One key difference between most DL applications and applications in MRS, is the strict requirement to preserve amplitude fidelity in network outputs. A common approach to artifacts in DL is to return an artifact-free version of the network input. In contrast, the approach taken here is to return the artifact, which has the following benefits: it avoids networks over-learning the formulaic pattern of typical spectra; it reduces the impact of the lack of sequence diversity within the AGNOSTIC dataset; and it is less likely to impact the amplitudes of metabolite signals.
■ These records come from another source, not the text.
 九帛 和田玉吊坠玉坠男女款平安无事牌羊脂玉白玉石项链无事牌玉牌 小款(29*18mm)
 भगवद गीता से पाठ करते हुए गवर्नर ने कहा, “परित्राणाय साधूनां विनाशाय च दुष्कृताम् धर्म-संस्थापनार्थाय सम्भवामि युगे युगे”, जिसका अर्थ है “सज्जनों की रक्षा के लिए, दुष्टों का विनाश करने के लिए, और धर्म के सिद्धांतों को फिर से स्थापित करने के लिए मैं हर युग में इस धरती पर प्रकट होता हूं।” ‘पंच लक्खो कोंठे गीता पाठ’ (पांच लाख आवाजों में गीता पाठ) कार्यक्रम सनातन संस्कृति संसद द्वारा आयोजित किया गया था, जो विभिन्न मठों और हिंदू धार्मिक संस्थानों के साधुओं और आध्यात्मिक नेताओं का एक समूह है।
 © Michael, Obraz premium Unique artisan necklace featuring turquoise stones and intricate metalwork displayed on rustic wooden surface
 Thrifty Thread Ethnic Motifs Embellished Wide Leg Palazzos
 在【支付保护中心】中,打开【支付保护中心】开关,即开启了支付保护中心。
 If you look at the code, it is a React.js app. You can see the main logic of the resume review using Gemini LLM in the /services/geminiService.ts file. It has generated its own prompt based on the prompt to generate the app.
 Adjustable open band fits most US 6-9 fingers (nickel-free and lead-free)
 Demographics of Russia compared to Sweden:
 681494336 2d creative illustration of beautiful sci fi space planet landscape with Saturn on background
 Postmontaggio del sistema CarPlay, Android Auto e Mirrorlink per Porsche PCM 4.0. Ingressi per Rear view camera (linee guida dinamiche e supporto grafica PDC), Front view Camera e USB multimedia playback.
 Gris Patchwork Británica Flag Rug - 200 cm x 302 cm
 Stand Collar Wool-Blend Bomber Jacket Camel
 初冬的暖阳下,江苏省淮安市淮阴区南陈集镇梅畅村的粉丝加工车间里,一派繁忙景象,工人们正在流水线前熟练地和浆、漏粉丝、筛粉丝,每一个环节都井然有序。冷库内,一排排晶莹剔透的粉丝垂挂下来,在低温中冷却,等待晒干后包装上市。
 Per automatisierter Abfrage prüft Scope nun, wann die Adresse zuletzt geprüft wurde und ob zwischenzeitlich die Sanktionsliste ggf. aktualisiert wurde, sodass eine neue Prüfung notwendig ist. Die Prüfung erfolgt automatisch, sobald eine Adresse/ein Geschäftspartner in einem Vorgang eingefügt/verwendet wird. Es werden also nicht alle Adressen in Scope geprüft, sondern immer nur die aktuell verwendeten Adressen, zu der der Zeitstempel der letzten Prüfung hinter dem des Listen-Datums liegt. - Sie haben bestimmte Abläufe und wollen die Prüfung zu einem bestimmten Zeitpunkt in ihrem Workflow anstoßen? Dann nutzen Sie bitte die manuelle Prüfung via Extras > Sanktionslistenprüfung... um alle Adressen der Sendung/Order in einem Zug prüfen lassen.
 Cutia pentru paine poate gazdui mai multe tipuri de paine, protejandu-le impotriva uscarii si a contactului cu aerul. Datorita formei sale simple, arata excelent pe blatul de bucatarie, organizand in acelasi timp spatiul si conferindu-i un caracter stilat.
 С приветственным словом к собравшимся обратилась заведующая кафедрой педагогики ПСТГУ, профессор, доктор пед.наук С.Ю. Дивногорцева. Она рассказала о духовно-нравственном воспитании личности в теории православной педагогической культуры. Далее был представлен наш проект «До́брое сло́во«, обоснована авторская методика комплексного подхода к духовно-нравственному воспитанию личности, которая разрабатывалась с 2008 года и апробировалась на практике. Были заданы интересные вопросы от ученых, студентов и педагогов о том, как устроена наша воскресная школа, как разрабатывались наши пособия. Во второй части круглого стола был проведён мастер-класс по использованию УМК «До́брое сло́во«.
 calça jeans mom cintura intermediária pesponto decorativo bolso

The ultimate goal of this work is to extract metabolite levels from MRS data that are not impacted by OOV artifacts. This problem can be addressed at several points: either by not acquiring data that contain OOV artifacts; by removing OOV artifacts post-acquisition; and by incorporating appropriate OOV model components into quantification model so that the impact of OOV is minimized. While the work presented here focuses primarily on the second context, it raises important potential applications in the other contexts. One motivator for developing the Detection network is the possibility of real-time deployment during sequence acquisition to trigger sequence changes when OOV artifacts are detected. The modeling applied here was time-restricted to a given window and ignored other components of the spectrum, but demonstrates potential for future integration within a full linear-combination model.

In conclusion, we have presented the AGNOSTIC dataset for deep learning in MRS and demonstrated an exemplar use case to develop CNNs to detect and predict out-of-voxel artifacts.